Dataset records: Begin

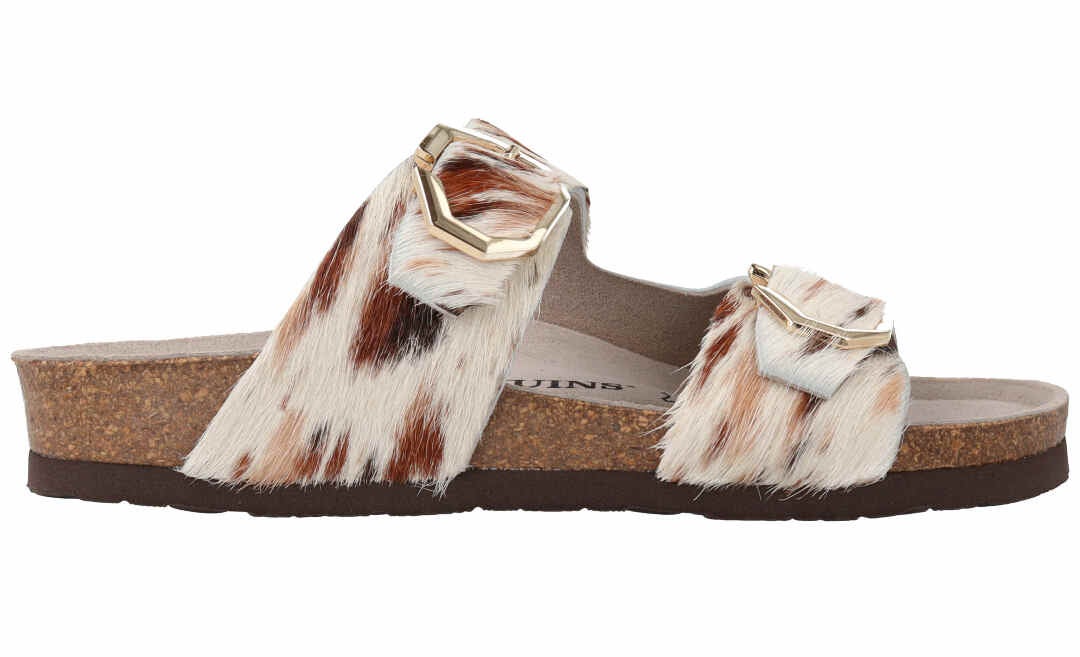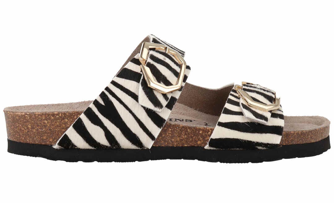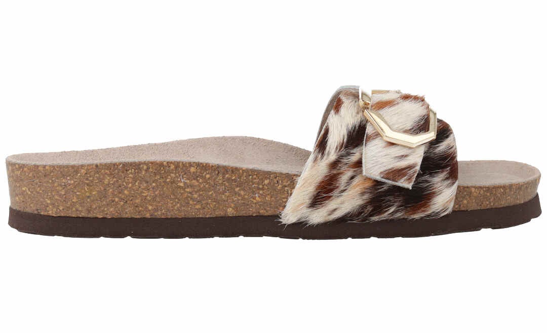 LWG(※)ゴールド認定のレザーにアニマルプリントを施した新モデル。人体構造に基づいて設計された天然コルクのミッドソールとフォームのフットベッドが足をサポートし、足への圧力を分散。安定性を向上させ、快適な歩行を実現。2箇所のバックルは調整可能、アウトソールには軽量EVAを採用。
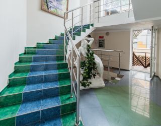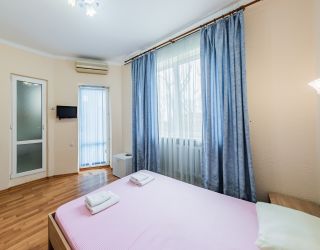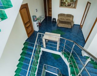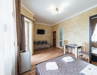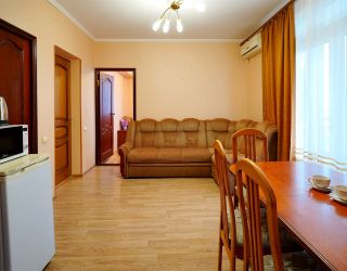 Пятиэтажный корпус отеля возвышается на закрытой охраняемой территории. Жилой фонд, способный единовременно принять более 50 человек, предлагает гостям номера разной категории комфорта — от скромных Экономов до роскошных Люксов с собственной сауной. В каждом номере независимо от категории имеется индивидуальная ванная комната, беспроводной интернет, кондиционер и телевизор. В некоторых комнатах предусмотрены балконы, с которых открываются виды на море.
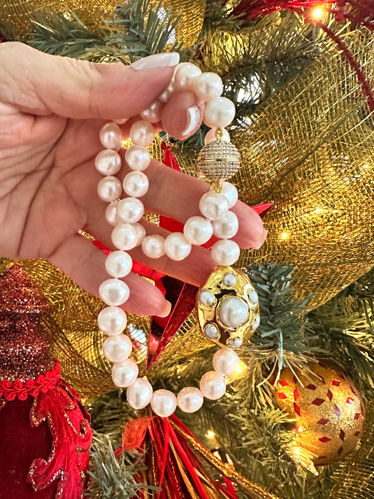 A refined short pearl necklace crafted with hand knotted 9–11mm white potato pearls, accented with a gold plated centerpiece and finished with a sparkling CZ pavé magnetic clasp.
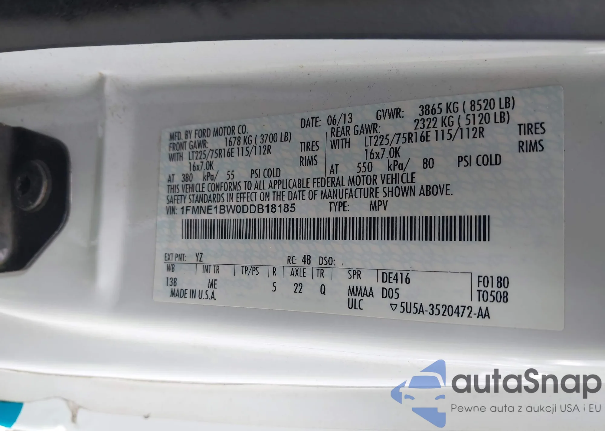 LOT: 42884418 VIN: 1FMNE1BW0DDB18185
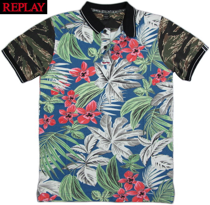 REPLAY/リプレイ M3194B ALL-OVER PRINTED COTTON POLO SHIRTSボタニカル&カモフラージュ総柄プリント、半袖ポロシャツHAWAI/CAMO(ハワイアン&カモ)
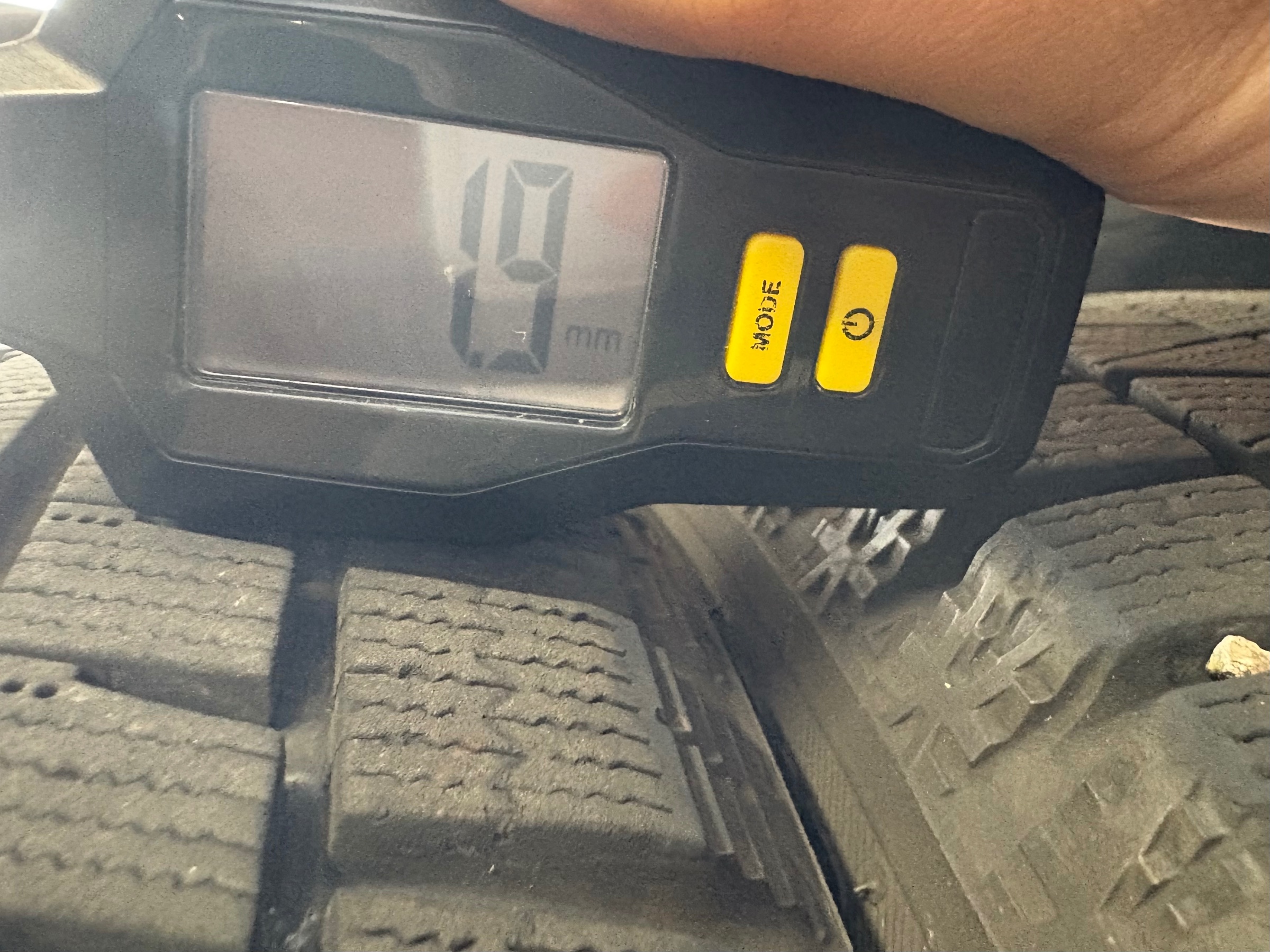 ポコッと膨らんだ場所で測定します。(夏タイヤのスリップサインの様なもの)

Dataset records: End

§ Task to complete
For every entry above, write it out exactly and remove any image.

§ Response
 LWG(※)ゴールド認定のレザーにアニマルプリントを施した新モデル。人体構造に基づいて設計された天然コルクのミッドソールとフォームのフットベッドが足をサポートし、足への圧力を分散。安定性を向上させ、快適な歩行を実現。2箇所のバックルは調整可能、アウトソールには軽量EVAを採用。
 Пятиэтажный корпус отеля возвышается на закрытой охраняемой территории. Жилой фонд, способный единовременно принять более 50 человек, предлагает гостям номера разной категории комфорта — от скромных Экономов до роскошных Люксов с собственной сауной. В каждом номере независимо от категории имеется индивидуальная ванная комната, беспроводной интернет, кондиционер и телевизор. В некоторых комнатах предусмотрены балконы, с которых открываются виды на море.
 A refined short pearl necklace crafted with hand knotted 9–11mm white potato pearls, accented with a gold plated centerpiece and finished with a sparkling CZ pavé magnetic clasp.
 LOT: 42884418 VIN: 1FMNE1BW0DDB18185
 REPLAY/リプレイ M3194B ALL-OVER PRINTED COTTON POLO SHIRTSボタニカル&カモフラージュ総柄プリント、半袖ポロシャツHAWAI/CAMO(ハワイアン&カモ)
 ポコッと膨らんだ場所で測定します。(夏タイヤのスリップサインの様なもの)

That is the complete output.